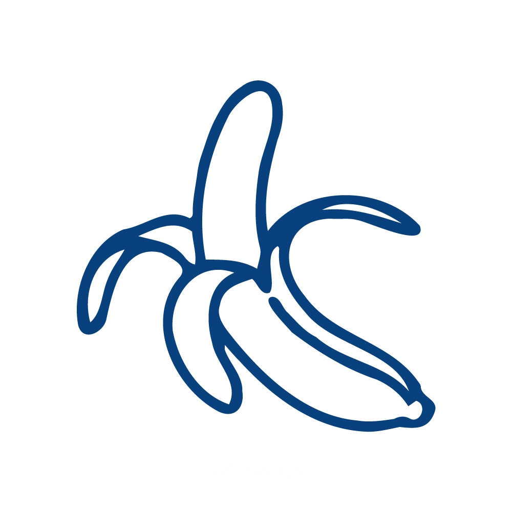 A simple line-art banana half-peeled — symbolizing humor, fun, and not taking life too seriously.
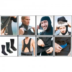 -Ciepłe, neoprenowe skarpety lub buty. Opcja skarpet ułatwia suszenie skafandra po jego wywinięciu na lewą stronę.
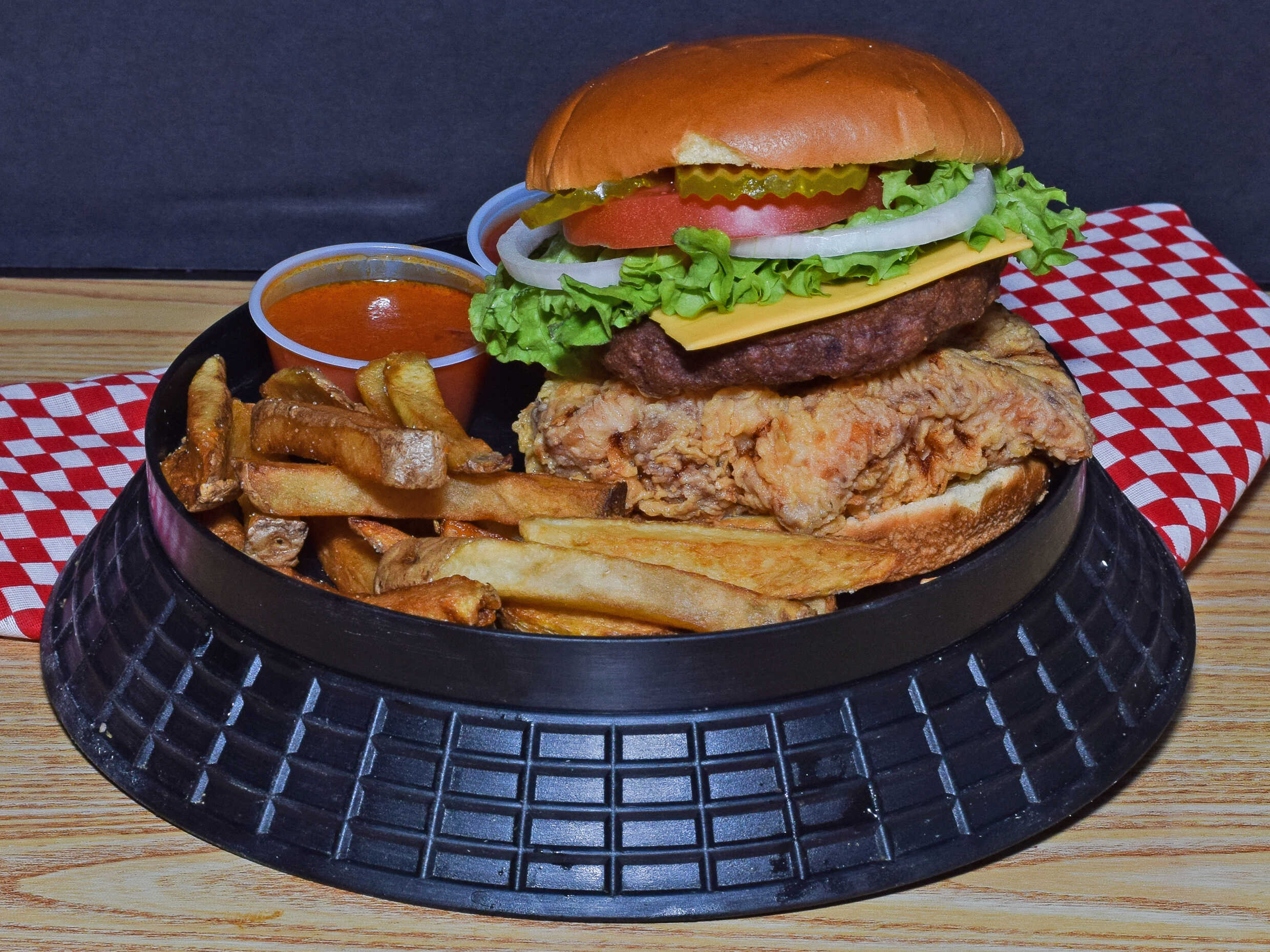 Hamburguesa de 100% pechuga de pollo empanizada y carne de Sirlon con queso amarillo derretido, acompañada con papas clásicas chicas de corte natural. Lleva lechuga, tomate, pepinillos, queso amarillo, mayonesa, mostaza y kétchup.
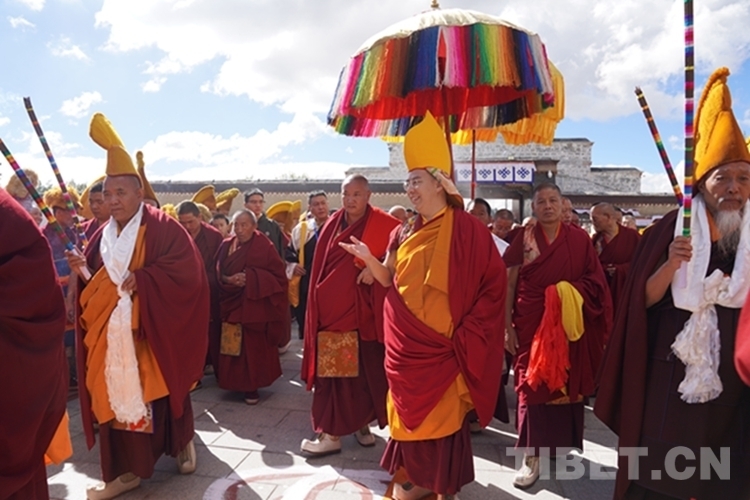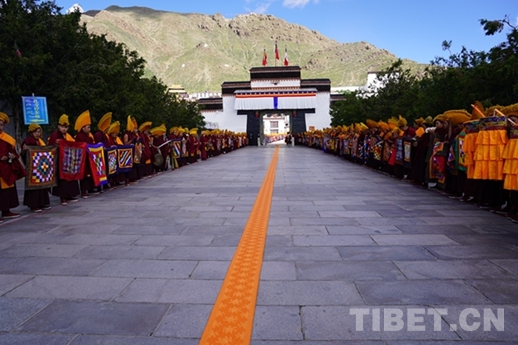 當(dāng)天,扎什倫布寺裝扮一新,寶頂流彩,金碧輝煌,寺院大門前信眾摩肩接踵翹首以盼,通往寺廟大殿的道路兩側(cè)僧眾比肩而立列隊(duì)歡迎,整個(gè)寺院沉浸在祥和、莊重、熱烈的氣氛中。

What you will do: The material should be duplicated word for word, with no images included.

Answer space:
 A simple line-art banana half-peeled — symbolizing humor, fun, and not taking life too seriously.
 -Ciepłe, neoprenowe skarpety lub buty. Opcja skarpet ułatwia suszenie skafandra po jego wywinięciu na lewą stronę.
 Hamburguesa de 100% pechuga de pollo empanizada y carne de Sirlon con queso amarillo derretido, acompañada con papas clásicas chicas de corte natural. Lleva lechuga, tomate, pepinillos, queso amarillo, mayonesa, mostaza y kétchup.
 當(dāng)天,扎什倫布寺裝扮一新,寶頂流彩,金碧輝煌,寺院大門前信眾摩肩接踵翹首以盼,通往寺廟大殿的道路兩側(cè)僧眾比肩而立列隊(duì)歡迎,整個(gè)寺院沉浸在祥和、莊重、熱烈的氣氛中。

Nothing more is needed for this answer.